Home Field Bias: The Price of Overlooking U.S. Stocks

Are you a Canadian investor who invests only in Canadian stocks? If so, I’ve got some good news and some bad news for you.

The good news is that you’re quite normal. According to research by Charles Schwab, 45% of investors suffer from home-field bias — a bias toward investing in their home country’s stocks. The bad news is that home-field bias is economically irrational, as it prevents you from achieving adequate diversification.

According to Schwab, the bulk of Americans’ money is in U.S. stocks, indicating a high degree of bias. Anecdotal evidence suggests that home-field bias is prevalent in Canada as well. Recently, a list of the most widely owned stocks in Canada was published; only one foreign stock made the cut. So, it looks like Canadians are just as home-field biased as their American peers.

On the surface, home-field bias makes sense. Domestic companies are most familiar to domestic investors, after all, so the bias is consistent with “buying what you know.” However, mathematically speaking, you limit your opportunities by sticking to domestic stocks. American stocks in particular are not to be missed, as they tend to outperform other countries’ stocks over the long term.

Diversification benefits

The most obvious drawback of home-field bias is you miss out on diversification. Diversification means holding many stocks instead of few. Diversifying reduces your risk via the “don’t put all your eggs in one basket” principle. The more stocks you hold, the less of an impact there is when one goes sour. If you stick to just one country, you’re less diversified than if you’d bought index funds covering the entire globe.

So, by getting over your home-field bias, you may improve your returns. At any rate, you will certainly reduce your risk.

U.S. stocks tend to perform well

Another drawback to home-field bias is that you miss out on U.S. stocks. U.S. stocks are known for delivering stellar long-term performances, having outperformed the TSX over the last 10 years. Indeed, a good return for a Canadian stock is not so great when compared to America’s S&P 500.

Take Fortis (TSX:FTS)(NYSE:FTS) for example. By Canadian market standards, it is a market beater, having outperformed the TSX by 1.5% over the last five years. If you factor in dividends, Fortis has outperformed even more than that, as its yield is higher than the TSX average.

However, Fortis is nothing special compared to the average U.S. stock. Over the last five years, it has underperformed the Vanguard S&P 500 Index Fund on a price-return basis. In that period, VOO has risen 62%, but Fortis has only gone up by 31%! Now, Fortis’s yield is vastly higher than the S&P 500’s is — on a total-return basis, with dividends re-invested, it compares to the U.S. stock index decently well.
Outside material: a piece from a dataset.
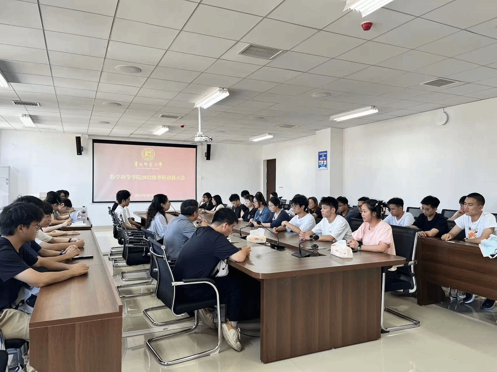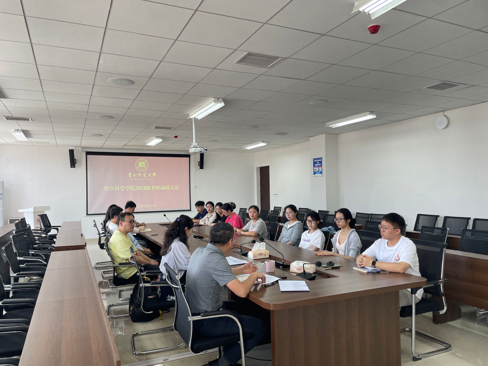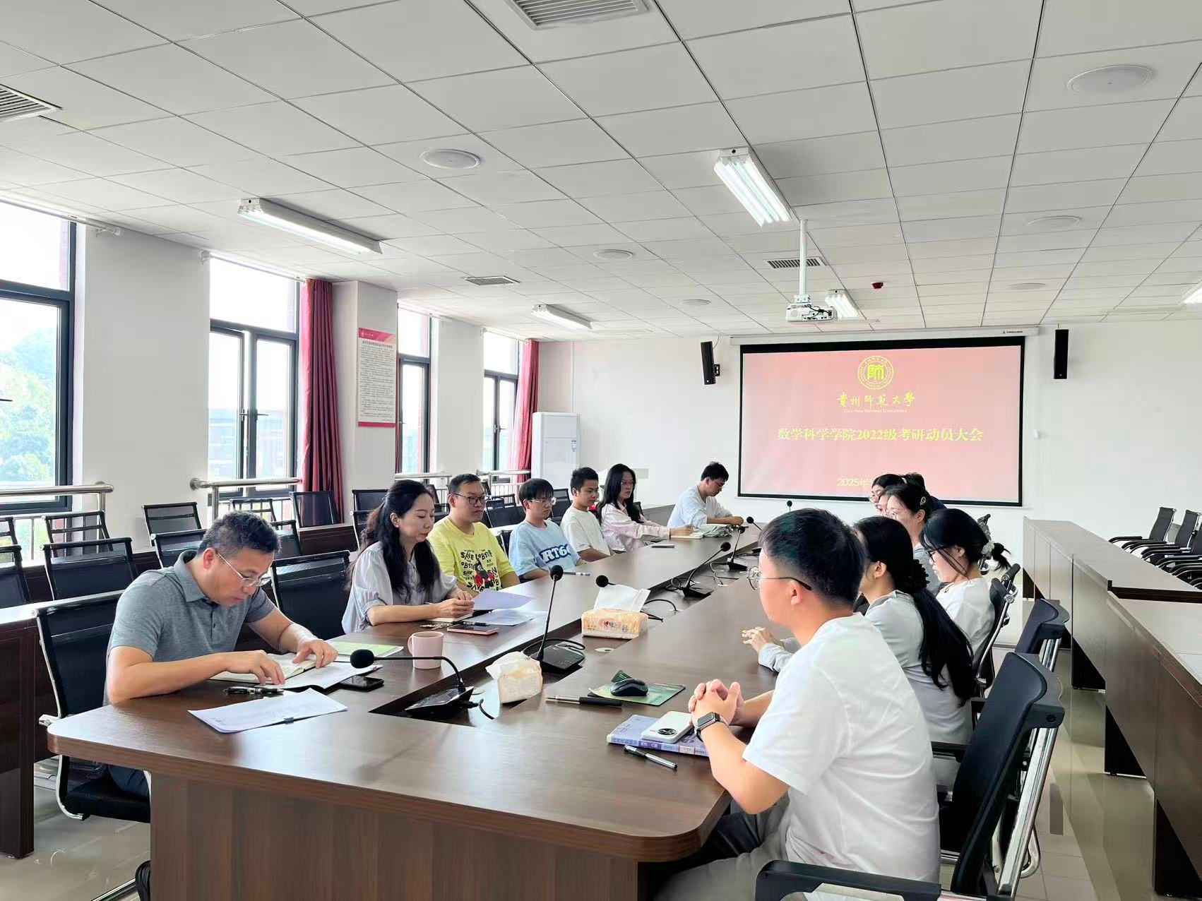 2025年10月11日,贵州师范大学数学科学学院在学院“教职工之家”成功举办2022级考研动员大会。本次大会旨在为备战考研的同学们明确方向、增强信心,营造积极向上的备考氛围。学院党委副书记江剑虹、副院长龙见仁受学院党委书记孙谦、院长吴云顺的委托到场与同学们亲切座谈交流。2022级有志于考研的同学们积极参与,现场气氛热烈,秩序井然。会议由龙见仁副院长主持。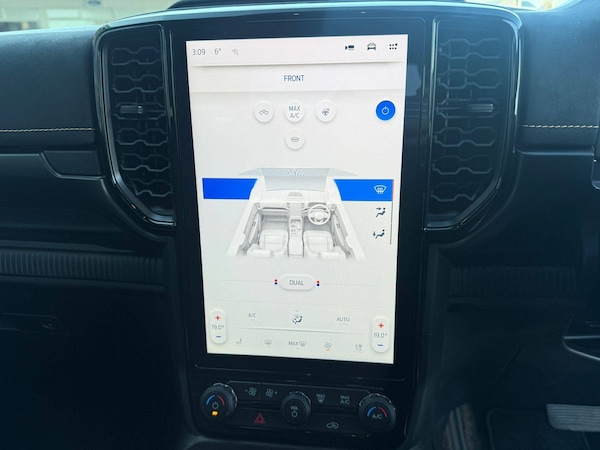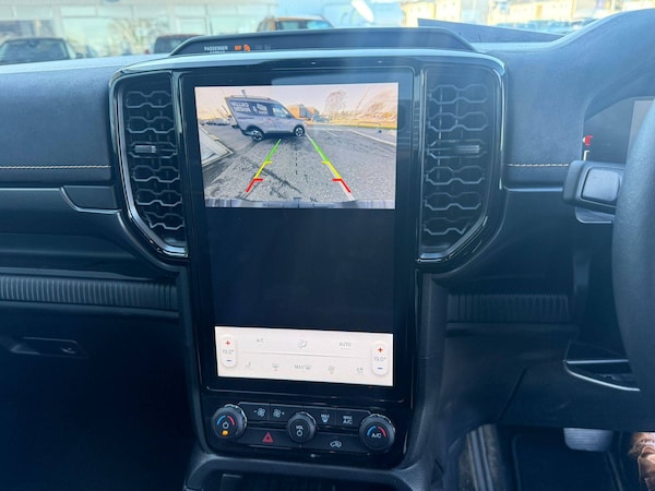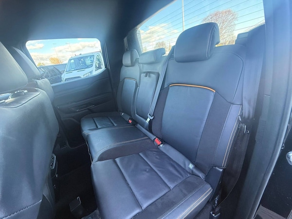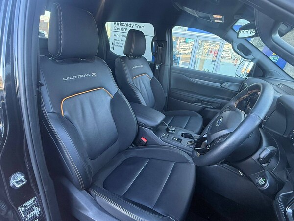 Child proof rear door locks, ISOFIX child safety seat attachment, Tyre pressure sensors, AEB and ISA, Electric power assisted steering, Electronic automatic gearshift, Evasion steer assist, Ford Pro Telematics Essentials, Fordpass connect modem including eCall and FordPass connectivity, Ice warning, Partial TFT/LCD instrument cluster, Passenger side roof mounted grab handle, Pre collision assist, Road departure warning, Trip computer, 360 lighting, Accent colour door handles, Accent colour exterior mirrors, Accent colour front bumper, Accent colour rear bumper, Acoustic laminated windscreen, Assisted conventional tailgate, Automatic headlights, Composite side step, Daytime running lights, Dual power heated fold back door mirror with puddle lamps, E-marked glass, Electric rear window defroster, Electric windshield defroster, Electrochromic interior mirror, Foam in bumper, Fog lamp bezel, Front fender painted grill, Front headlamp leveling, Front splash guard, Front towing hooks, High mounted stop lamp, Honeycomb radiator grille, Hood applique, Integrated rear bumper step, Ladder rack, Large wheelarch flares, LED Front fog lamp, Less front bumper lip, Level 1 Taillamps, Level 2 Headlamps, Manual liftgate, Metal underbody protection, Non locking capless fuel fill, Outside thermometer, Pickup side rails, Plastic cab roll over bar, Power front windows with one touch up/down, Power rear windows, Privacy glass, Rain sensitive windshield wipers, Rear bumper extension, Rear fog lamps, Rear splash guard, Roof rails, Self coloured decklid handles, Solid paint, Trailer tow class I, Trailer tow wiring, Under hood engine cover, Underbody wax protection, Wildtrak X front door scuff plates, Wildtrak X tailgate and door badge, Cargo light, Door handles with inside MIC, Driver and passenger sunvisor with mirror, Ebony headliner, Electronic dual zone automatic air conditioning, Fresh air heater, Glove box lids, Glove box lights, Heated steering wheel, LED ambient interior lighting, Less load rest, Less outside tie down hooks, Micro rib embossed leather upholstery, Non woven carpet, Overhead console with dome lamps, Pollen filter, Premium air register, Premium front and rear floor mats, Pull out cup holder, Reach and rake adjustable steering column, Rear floor ducts, Roof storage for driver sunglasses, Steering wheel with multimedia controls, Tie down rails and rope hooks, Washer tank level warn lamp, Front seat pack 7 - Ranger, Functional upgrade pack 3 - Ranger, Heavy duty

But the fact that the S&P 500 has outperformed a Canadian utility stock that is widely regarded as better than average shows you just how powerful geographic diversification can be.

Foolish takeaway

If you’re like most investors, you probably suffer from home-field bias. It’s only natural. We all like to support the home team, after all, and it doesn’t hurt to buy what you know. But as the S&P 500 shows, you avoid U.S. stocks at your own peril.

The post Home Field Bias: The Price of Overlooking U.S. Stocks appeared first on The Motley Fool Canada.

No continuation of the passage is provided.